_Material to process:_
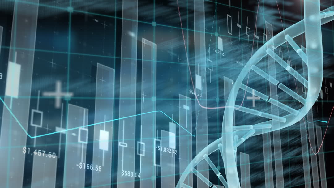 Futuristic DNA Strand Analysis with Data Graphs Background Video
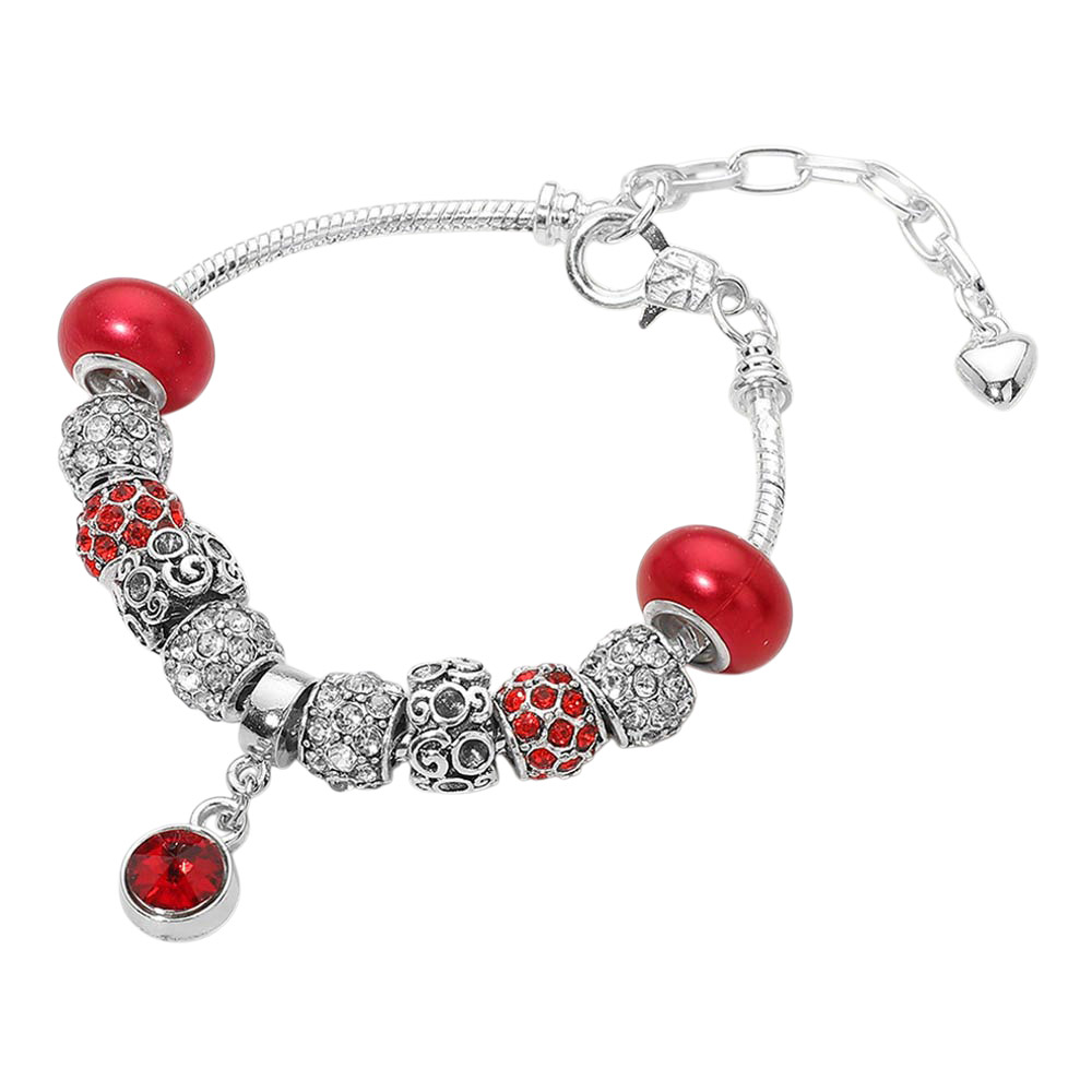 Round Stone Bezel Charm Accent Multi Beaded Bracelet
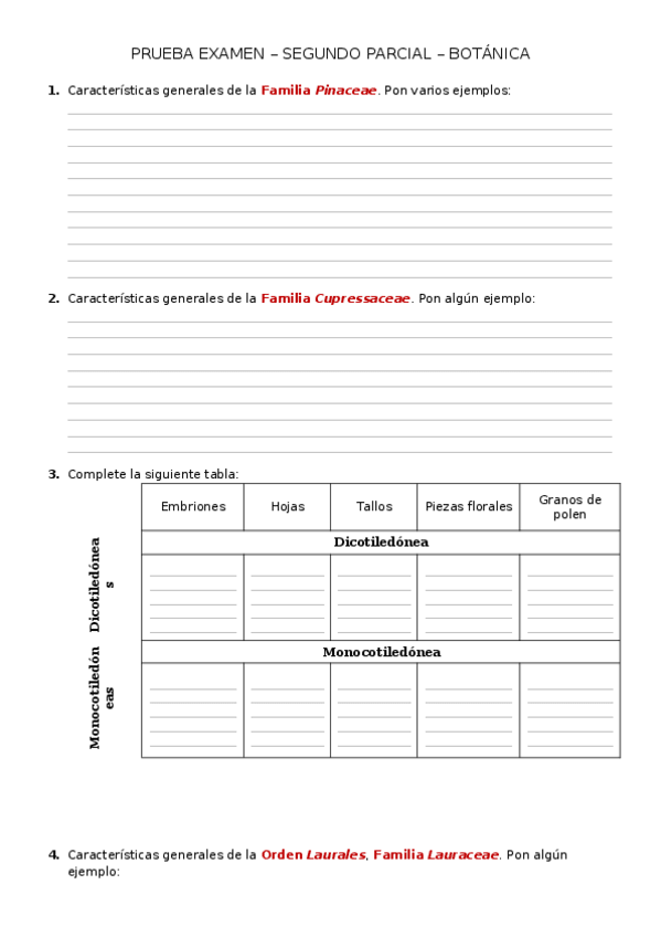 Exámenes botánica
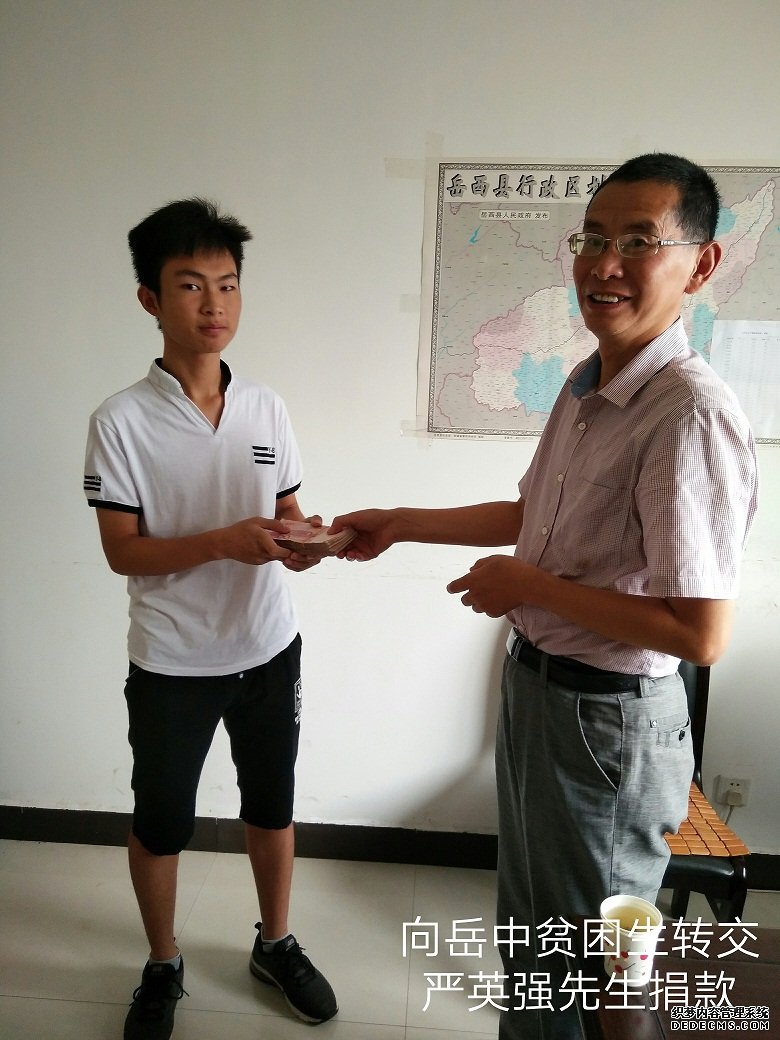 广东惠州强新实业有限公司总经理严英强先生经县政协文史委主任陈正新介绍,得知岳中高二实验班一学生学习成绩优异,但家庭十分困难,该生暑假打工挣学费的情况后,甚为怜惜,当即拿出2万元请陈正新主任转交该学生,作为学习和生活费用。并表示该生如果考上清华、北大等一流大学,他还全额负担其大学费用。 该生接到捐款后,非常感动,表示一定要好好学习,将来做一个有用的人,更好地回报社会,以感谢严总等社会爱心人士的关爱之心、救助之恩。 |
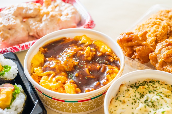「タコライス&ローストビーフ丼」「唐揚げ」
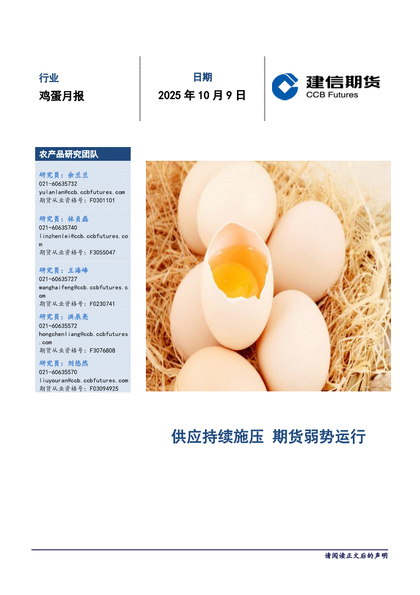 建信期货-鸡蛋月报:供应持续施压,期货弱势运行-251009

_Exercise directions:_ What's needed is every record restated exactly, pictures excluded.

_Solution to this problem:_
 Futuristic DNA Strand Analysis with Data Graphs Background Video
 Round Stone Bezel Charm Accent Multi Beaded Bracelet
 Exámenes botánica
 广东惠州强新实业有限公司总经理严英强先生经县政协文史委主任陈正新介绍,得知岳中高二实验班一学生学习成绩优异,但家庭十分困难,该生暑假打工挣学费的情况后,甚为怜惜,当即拿出2万元请陈正新主任转交该学生,作为学习和生活费用。并表示该生如果考上清华、北大等一流大学,他还全额负担其大学费用。 该生接到捐款后,非常感动,表示一定要好好学习,将来做一个有用的人,更好地回报社会,以感谢严总等社会爱心人士的关爱之心、救助之恩。 |
「タコライス&ローストビーフ丼」「唐揚げ」
 建信期货-鸡蛋月报:供应持续施压,期货弱势运行-251009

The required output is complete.